Archbishop: ‘Young are keen to learn about religion’
THE Archbishop of Canterbury claimed that young people’s hostility towards faith is not as extreme as society perceives.
In his last Easter sermon as leader of the Church of England,
In his last Easter sermon as leader of the Church of England, Dr Rowan Williams told the congregation at Canterbury Cathedral that a number of youngsters appreciated the role religion played in shaping and sustaining human existence and were keen to learn about it.
“There is plenty to suggest that younger people, while still statistically deeply unlikely to be churchgoers, don’t have the hostility to faith that one might expect, but at least share some sense that there is something here to take seriously – when they have a chance to learn about it,” he said.
“It is about the worst possible moment to downgrade the status and professional excellence of religious education in secondary schools. But that’s another sermon.”
Dr Williams, who will resign as Archbishop of Canterbury at the end of the year to take up a post at Cambridge University, also told followers the ultimate test of the Christian religion was not whether it was useful, beneficial or helpful to the human race, but whether or not its central claim – the resurrection of Jesus Christ – actually happened.
“Easter makes a claim not just about a potentially illuminating set of human activities, but about an event in history and its relation to the action of God,” he said.
“Very simply, in the words of this morning’s reading from the Acts of the Apostles, we are told that ‘God raised Jesus to life’.”
He said any understanding of the significance of the resurrection that fell short of this truth would be to misunderstand it.
Dr Williams added: “We are not told that Jesus ‘survived death’; we are not told that the story of the empty tomb is a beautiful imaginative creation that offers inspiration to all sorts of people; we are not told that the message of Jesus lives on. We are told that God did something.”
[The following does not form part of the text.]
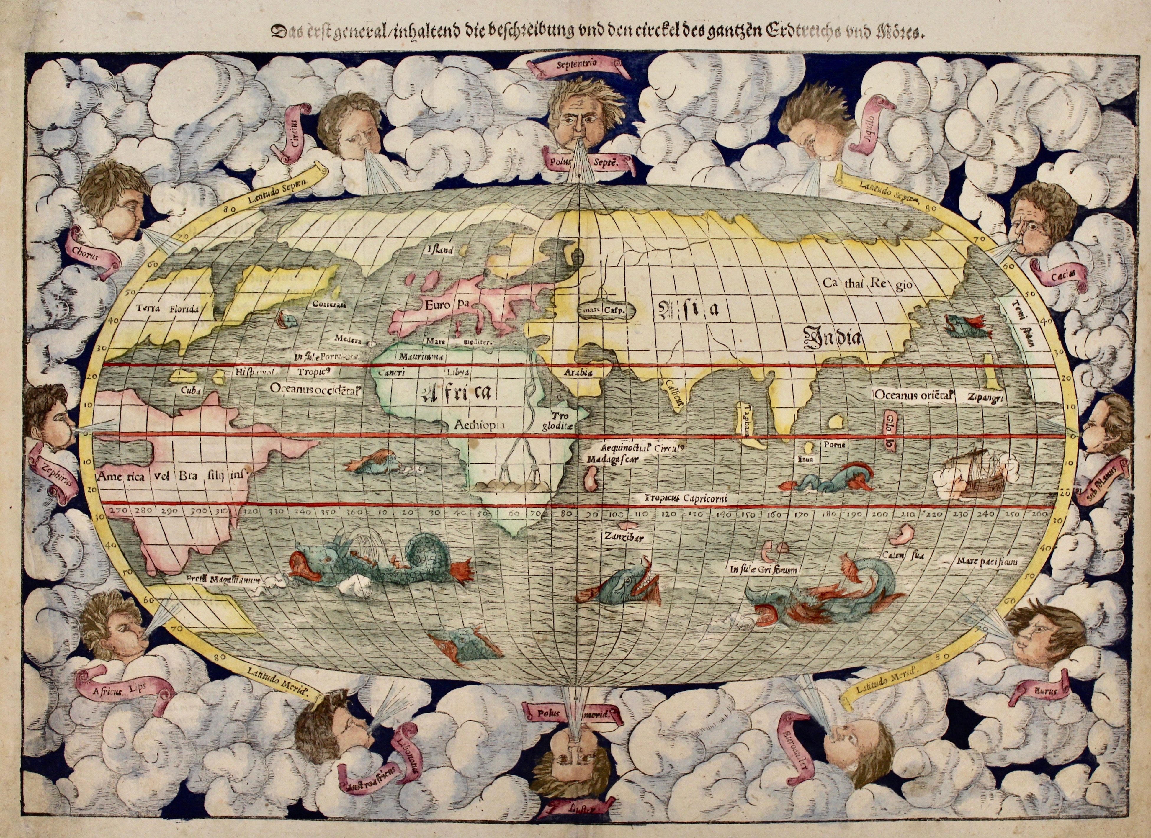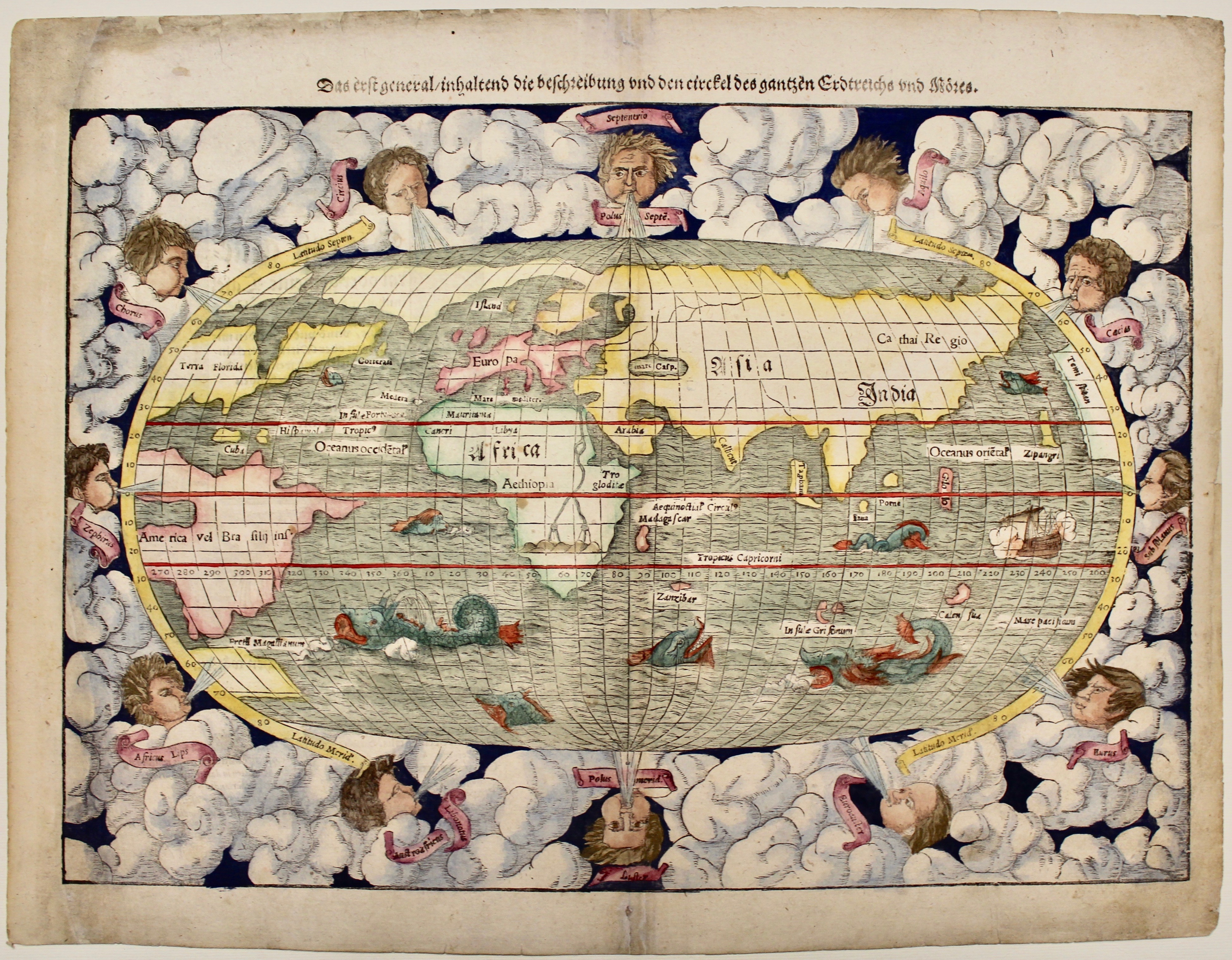 The map is oval in form and surrounded by elaborate vine and leave engraving. German text appears above and below the map proper describing the lands contained. The verso contains German text describing the earth. The title appears over the map in German text of a Gothic ethic. Very good condition apart two insignificant tiny worm holes and some light paper oxidation. Shirley, The mapping of the world, 92.

He said that Easter raised the “uncomfortable and unavoidable” question that religion might be more useful than the “passing generation of gurus thought”.
He told the congregation that the answer would not be found in instant scientific analysis, but in a longer measure of the effect of belief in the lives of believers.
Dr Williams went on: “When all’s said and done about the newly acknowledged social value of religion, we mustn’t forget that what we ultimately have to speak about isn’t this, but God: the God who raised Jesus and, as St Paul repeatedly says, will raise us also with Him.”